Adapting to the Role

September 1, 1999 Published Work
When Pharmacia & Upjohn divested its worldwide intravenous nutrition and fluids business, external counsel James F. FARRINGTON Jr. went temporarily in-house to head the legal team. He explains the advantage of this change in status

Pharmacia & Upjohn's (P&U) divestiture of its intravenous solutions business division to Fresenius AG was a complex process involving:

  • The sale of 10 production plants and assets, including more than 3,000 employees in more than 50 countries.

  • The negotiations of nearly 200 transaction documents over a period of two months, with completion six months later in December 1998.

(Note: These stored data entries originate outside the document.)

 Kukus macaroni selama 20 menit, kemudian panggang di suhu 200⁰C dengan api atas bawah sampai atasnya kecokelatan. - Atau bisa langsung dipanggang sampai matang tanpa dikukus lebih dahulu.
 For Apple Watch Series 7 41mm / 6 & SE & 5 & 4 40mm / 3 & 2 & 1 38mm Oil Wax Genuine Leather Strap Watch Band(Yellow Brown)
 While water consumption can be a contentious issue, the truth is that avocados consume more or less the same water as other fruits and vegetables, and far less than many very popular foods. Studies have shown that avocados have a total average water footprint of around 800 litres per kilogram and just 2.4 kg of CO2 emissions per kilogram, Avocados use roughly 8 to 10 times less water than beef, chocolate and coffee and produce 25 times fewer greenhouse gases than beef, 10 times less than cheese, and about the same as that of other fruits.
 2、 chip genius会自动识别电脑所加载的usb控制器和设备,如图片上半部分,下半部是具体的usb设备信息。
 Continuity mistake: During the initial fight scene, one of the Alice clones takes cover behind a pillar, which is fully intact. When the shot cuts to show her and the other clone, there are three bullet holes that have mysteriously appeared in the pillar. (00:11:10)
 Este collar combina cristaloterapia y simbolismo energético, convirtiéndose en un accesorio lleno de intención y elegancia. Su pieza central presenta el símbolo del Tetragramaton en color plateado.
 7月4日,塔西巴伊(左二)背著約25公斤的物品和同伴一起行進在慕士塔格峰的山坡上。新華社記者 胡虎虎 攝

  • Obtaining clearances from the competition law authorizes in more than 15 jurisdictions (the transaction was not eligible for an EU filing) and obtaining consents from several third parties.

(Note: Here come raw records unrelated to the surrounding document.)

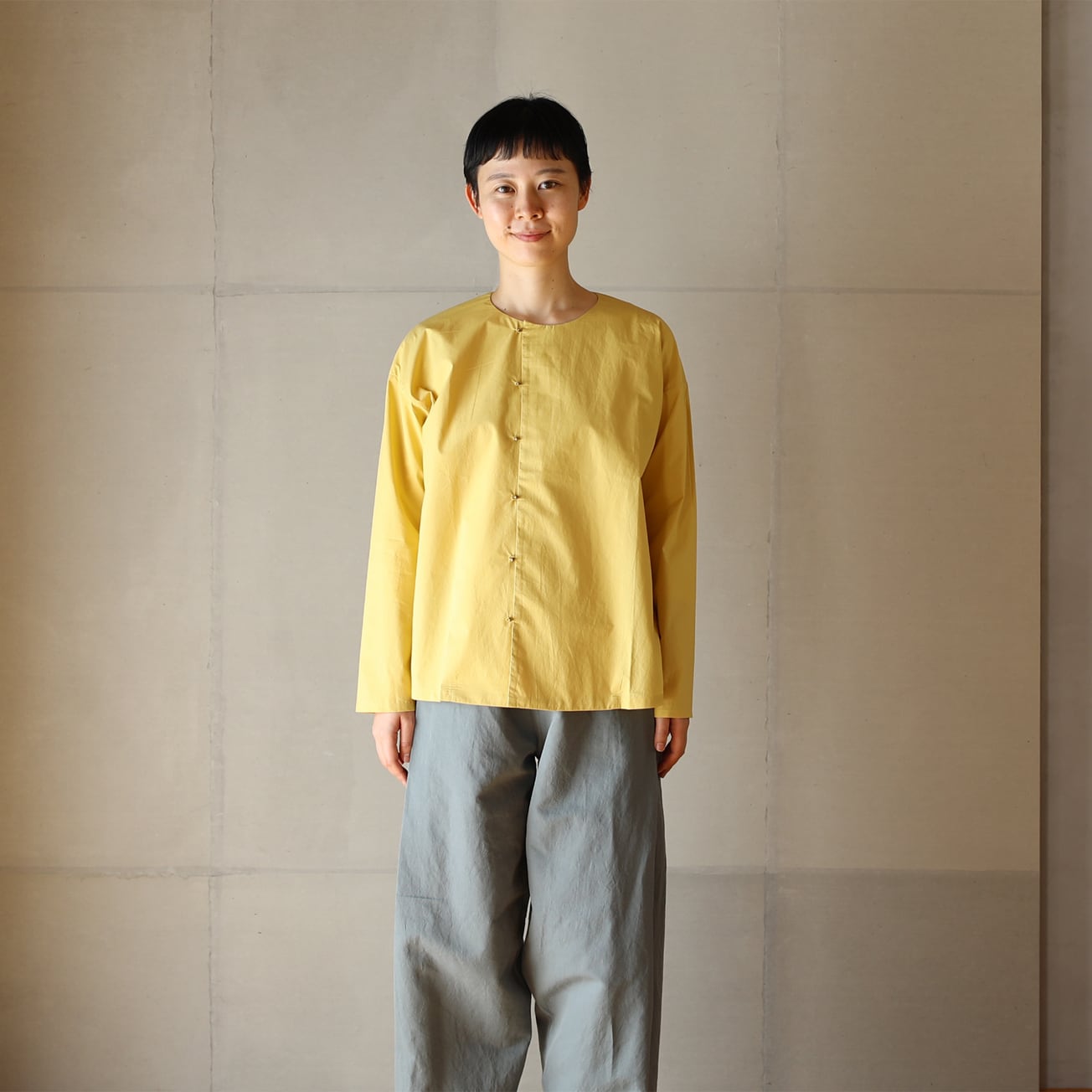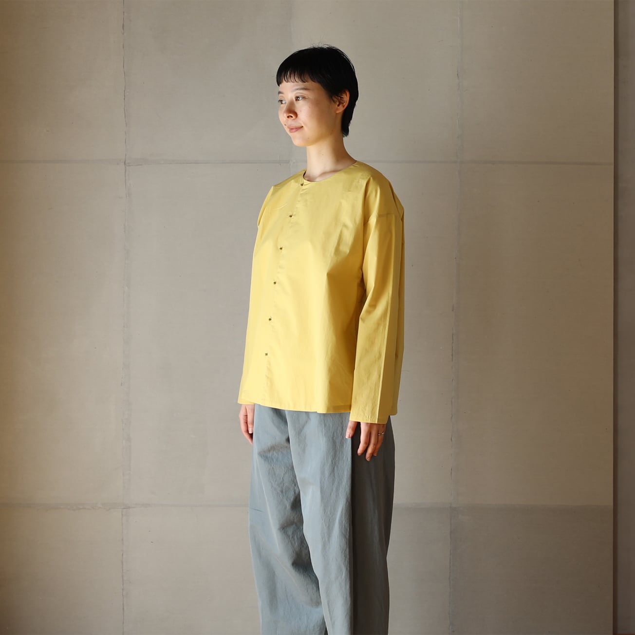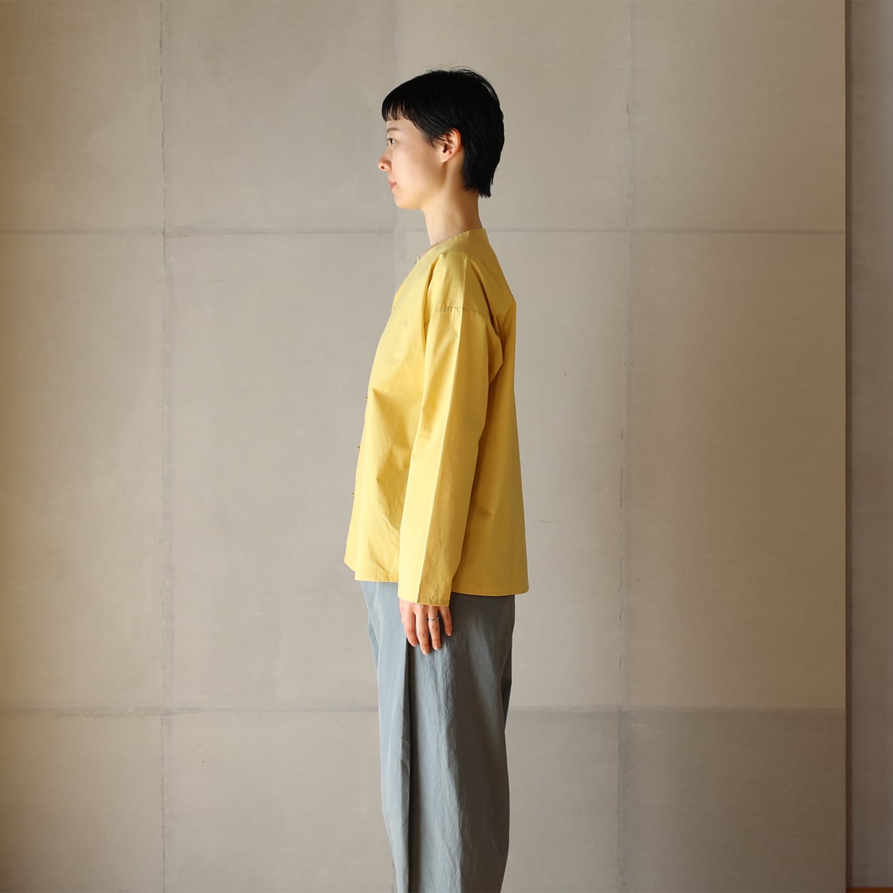 ボタンの位置を少しサイドにずらすことで特長のあるシャツになりました。
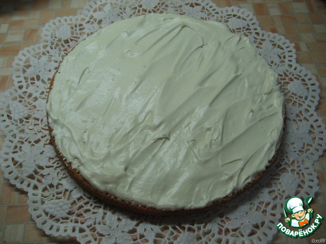 • Раскладываю коржи, сбрызгиваю коньяком и начинаю промазывать кремом.
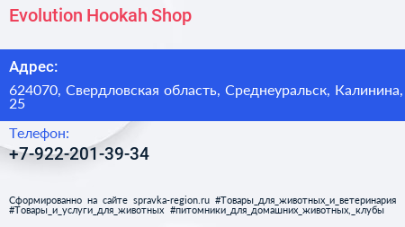 Evolution Hookah Shop по адресу 624070, Свердловская область, Среднеуральск, Калинина, 25 в дальнейшем Организация, размещена в следующих категориях:
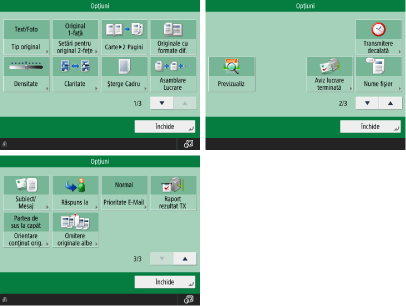 Ecranul Caracteristici de bază pentru scanare şi transmitere
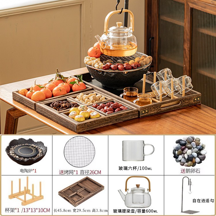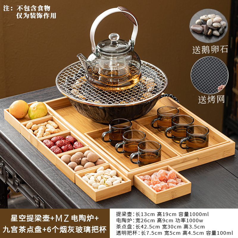 Электрическая керамическая плита MZ-черный+стеклянный чайник+чашка для чая и набор подносов для чая
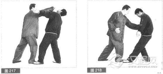 (3)我右小臂向上迎挡对方左手后不停.即用手掌向前、向下快速猛力拍击对方头部。(图217)

  • Complicated carve-out arrangements. Dedicated subsidiaries existed in only Ireland and China and more than 60 agreements were therefore required for the on-going relationship between the business that was sold and P&U entities, for matters such as contract manufacturing, transitional and long term services, shared utilities, leases of facilities, and global IT services.

P&U's European general counsel, Fredrik Berg, wanted to apply the best available legal resources to this US$500 million (EUR471.8 million) divestment. As a private practitioner, I had represented P&U and this business unit for more than 15 years - longer than any of the managers of the unit - and was therefore asked to lead the legal team.

The move in-house

The usual scenario is for lead outside counsel to work within a firm away from the business and to use an international network of outside counsel. However, after a few trips to Stockholm to assist P&U and the investment bankers with the information memorandum and assessment of the potential legal issues, it quickly became obvious that I could not coordinate this task by weekly commutes from by base at Wiggin & Dana in Stamford, Connecticut US. Both P&U and my family would have suffered. My family and I therefore moved to Stockholm for what we thought would have been a couple of months, but turned into more than 18 months.

The advantages

Moving to a base within P&U had a number of advantages:

  • I was better able to interact with the business people in Sweden and in Europe, where more than 80% of the business was concentrated.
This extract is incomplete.